Reference implementation: examples/node-types/web-scraper/executor.example.mjs.

javascript
export function createWebpageHandler() {
  return async function webpageNode(node) {
    const data = node.data ?? {};
    const config = data.nodeData;

    if (!config || typeof config !== "object" || !config.url) {
      throw new Error("webpage: data.nodeData object required with { url }");
    }

    const url = String(config.url).trim();
    const res = await fetch(url, { signal: AbortSignal.timeout(config.timeoutMs ?? 15_000) });
    const raw = await res.text();
    // … html → text extraction …

    const payload = {
      label: data.label ?? null,
      url,
      title: "…",
      text: "…",
      status: res.status,
    };

    // Optional: name output for downstream genText placeholders ({$my_var})
    if (data.outputTarget) {
      const target = String(data.outputTarget);
      payload.outputTarget = target;
      payload.cells = { [target]: { ...payload } };
    }

    return payload;
  };
}

Pipeline JSON for webpage

json
{
  "id": "fetch_example",
  "type": "webpage",
  "data": {
    "label": "Canada Government",
    "outputTarget": "$ontario_gov",
    "nodeData": {
      "url": "https://www.ontario.ca/page/government-ontario",
      "maxChars": 6000,
      "timeoutMs": 20000
    }
  }
}

Downstream genText can reference {$ontario_gov} when outputTarget is set. See Output chaining.

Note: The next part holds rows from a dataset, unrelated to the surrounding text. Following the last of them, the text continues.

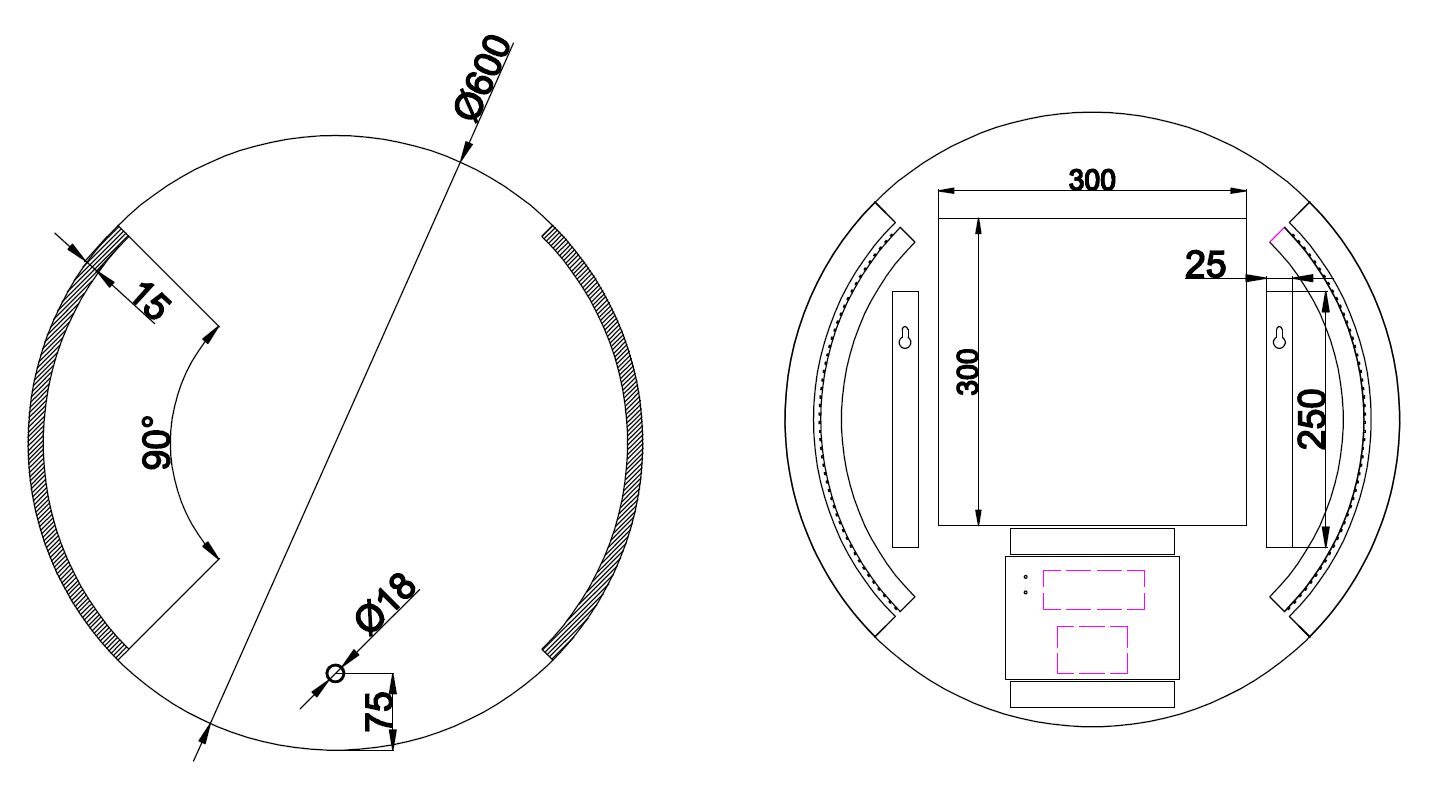 Voorzien van één spiegelverwarmings-matje van 250x350mm ter voorkoming van condensvorming
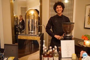Barista mans a fresh coffee station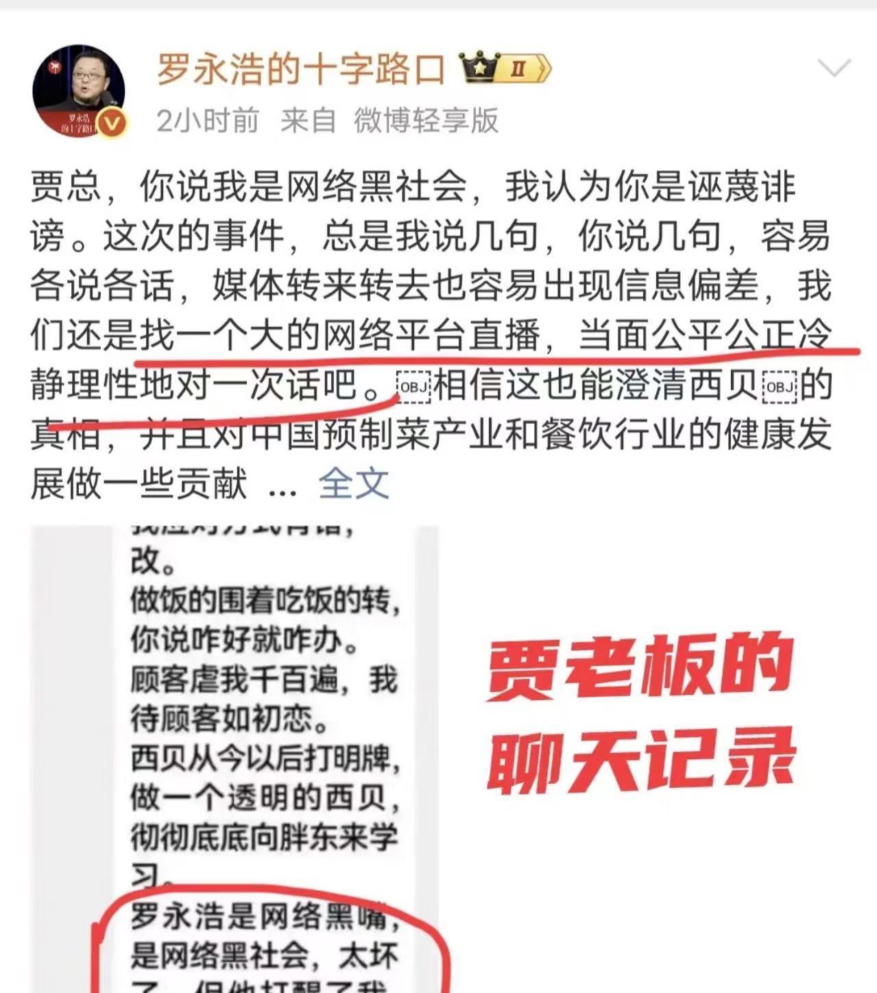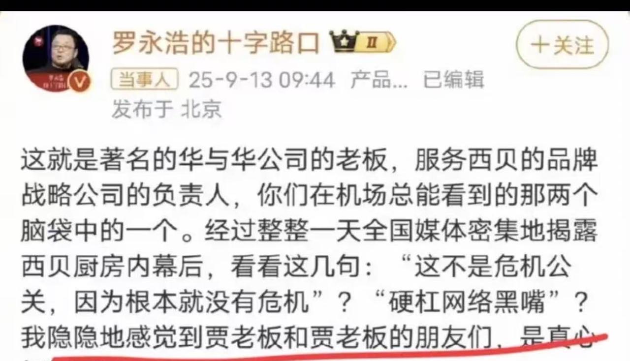 其实,“毁掉”西贝的不是老罗,而是西贝董事长贾国龙! 老罗和贾国龙约好“比武”,结果老罗一招还没出去,贾国龙就使出一招“自投罗网”宣布对外开放后厨。 本以为贾国龙做好万全俱备,可以自证清白,结果万万没想到,迎来史诗级公关危机。 主打的儿童餐,西兰花保质期2年,现熬鸡汤是调制的,网友吐槽说:“本来想着贵一点的东西会好点,给孩子吃健康一点,没想到吃的西兰花,比我孩子的岁数还要大!” 更无语的是,厨师都不把记者当外人,冰箱里的羊腿拿出来,过几天就满一周年祭日了,还硬说这样的市场更新鲜健康,因为采用速冻技术。 还有厨房下水道堵了,厨师用烧菜的漏勺直接去捞,厨房里的油用的是转基因的大豆,最可笑的是,厨师烧菜做饭的时候,还带着手表首饰,这哪有一点厨师的样子? 还有网友总结的笑料,更是数不胜数: 1、羊:为什么我还不能投胎?阎王爷:你还有一条腿在西贝冻着 2、西贝:菜都是预制的,只有客人是现宰的! 3、妈妈懒得做饭,带孩子去西贝,没想到西贝也懒得做。 4、老贾在自证与自救之间选择了自杀。西贝员工在自证与自救之间选着了自首。 5、我表妹在西贝干厨师,她权力挺大的,管九个微波炉,简称九炉总管 6、老罗:“算了。” 西贝老板:“凭什么你说算了就算了。”接着又给了自己一刀 其实老罗说的很清楚,他不反对预制菜,只是反对消费者没有知情权。我如果花了人均一两百元一顿,你给我吃过夜过年的食材,那就说不过去了。 如果告诉消费者,羊腿冻了一年,西兰花快2年了,他们会花高价去买单吗? 一个冻的馒头蒸一下就卖21块,这个事情不管中国企业外国企业都干不出来! 更让人想不明白的是,罗永浩都说西贝的事情到此为此了,可贾国龙还是在群里说“罗永浩是网络黑嘴,是网络黑社会,太坏了”! 这下真的把老罗惹急眼了,他正式向西贝宣战,说这件事情没有办法过去,谁劝和拉黑谁! 回顾老罗的战斗史,唯一败绩就是“中杯,大杯,超大杯!” 这次绝对是给足了克制和面子,可惜贾国龙迷之自信!这真是自己不想活,步步精准的走在最差的点上! 主要是贾国龙背后的咨询公司怂恿西贝继续和罗永浩斗争,甚至不少餐饮行业老板,甚至连于东来也力挺西贝,让贾国龙飘了,认为可以和罗永浩、网友斗争下去。 还有人说,西贝倒了1.8万人没工作了,感情为了1.8万人,所有人都要去西贝吃2岁的西兰花?冻鱼冻肉? 在我看来,这反而是好事情,倒闭餐馆用新鲜食材做饭,做透明厨房,让老百姓吃上真正有烟火气的饭菜! 一贝倒,万物生,西贝没了,自然有东贝!消费在,市场在,就业就不会少! 现在这事情不能轻易收场了,已经上升到具备历史性的意义了,极大可能会推动预制菜的行业标准、标识,以及使用场景透明化等相关系统性的变革! 只能说贾国龙真的玩不转互联网,一个食客,吃了一顿难吃又贵的饭,吐个槽而已,居然要叫板起诉! 要找回场子没毛病,但关键先找回脑子,这老罗都还没发力,贾总上来就先放葵花宝典了…… 葵花宝典都放了,老罗都心生怜悯了,转身刚要走,好家伙,贾总又来个切腹!我反正是服了!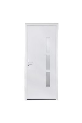 Porte d'entrée moderne blanche permettant l'accès à votre habitation. Avec ce panneau de porte monobloc contemporain, cette porte vous permettra de mieux vous isoler en respectant le meilleur rapport qualité/prix et ne nécessitent que très peu d'entretien. La serrure intérieure/extérieure (poignée non fournie) permettra de sécuriser les accès depuis l'intérieur ou l'extérieur.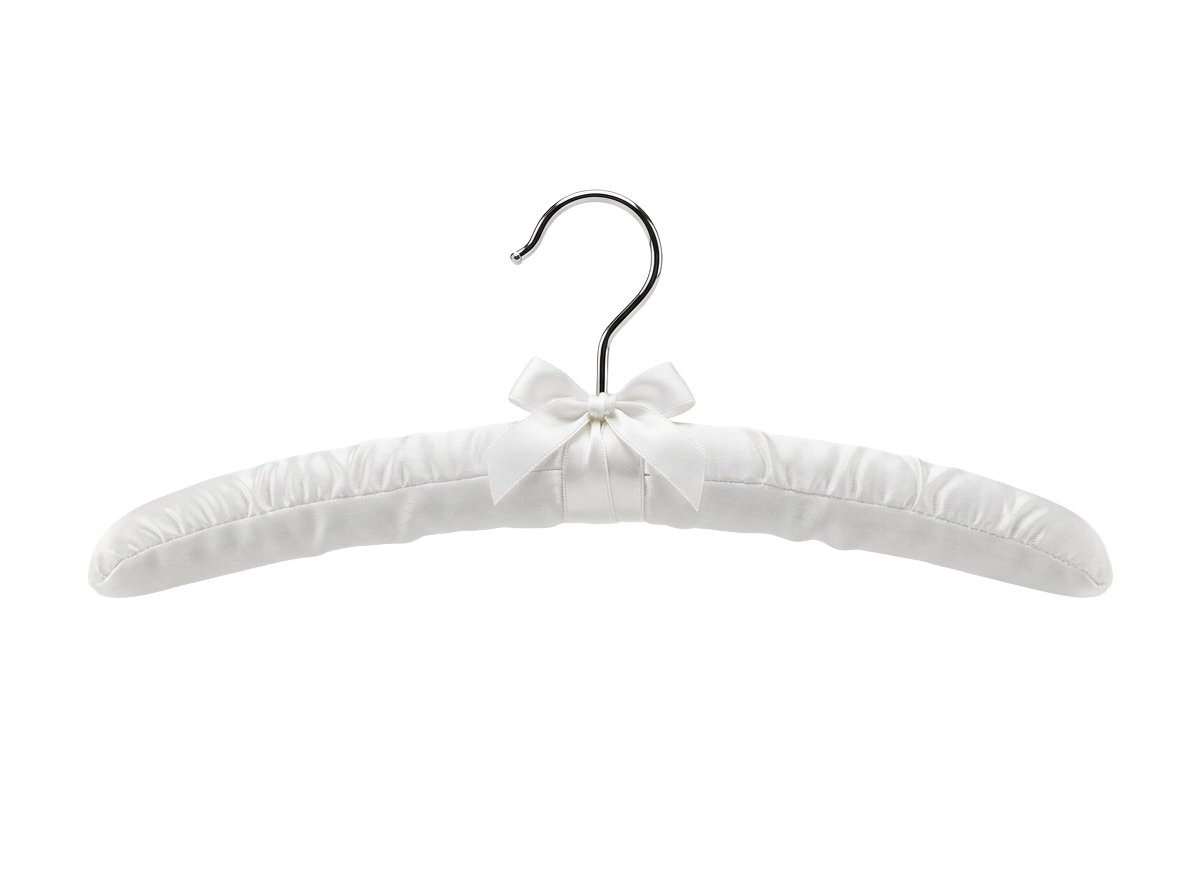 Foam-padded satin hangers with a decorative bow, designed to add a touch of elegance to your wardrobe or guest rooms. The curved shape helps garments maintain their form, while the metal hook provides secure hanging.

Step 2 — Register the handler

JavaScript (minimal)

javascript
import {
  GraphEngine,
  loadFlowFromFile,
  createBuiltinNodeExecutor,
} from "arc-dag";
import { createWebpageHandler } from "./handlers/webpage.mjs";

const customHandlers = new Map([
  ["webpage", createWebpageHandler()],
  ["webScraper", createWebpageHandler()], // alias
]);

const coreBuiltin = createBuiltinNodeExecutor();

const nodeExecutor = async (node) => {
  const type = node.type ?? "unknown";
  const custom = customHandlers.get(type);
  if (custom) return custom(node);
  return coreBuiltin(node);
};

const engine = new GraphEngine({
  flow: await loadFlowFromFile("./pipeline.json"),
  llm: {
    provider: "bedrock",
    apiKey: process.env.BEDROCK_API_KEY,
    modelId: "us.anthropic.claude-sonnet-4-6",
    region: "us-east-1",
  },
  nodeExecutor,
});

await engine.run();

TypeScript

typescript
import {
  GraphEngine,
  loadFlowFromFile,
  createBuiltinNodeExecutor,
  type FlowNode,
  type NodeExecutor,
} from "arc-dag";

type NodeHandler = (node: FlowNode) => Promise<unknown>;

function extendBuiltinNodeExecutor(
  handlers: Record<string, NodeHandler>,
): NodeExecutor {
  const coreBuiltin = createBuiltinNodeExecutor();
  return async (node) => {
    const type = node.type ?? "unknown";
    const handler = handlers[type];
    if (handler) return handler(node);
    return coreBuiltin(node);
  };
}

const engine = new GraphEngine({
  flow: await loadFlowFromFile("./pipeline.json"),
  llm: { provider: "bedrock", apiKey: "…", modelId: "…" },
  nodeExecutor: extendBuiltinNodeExecutor({
    webpage: createWebpageHandler(),
    webScraper: createWebpageHandler(),
  }),
});

Copy extendBuiltinNodeExecutor into your project, or import the example implementation below.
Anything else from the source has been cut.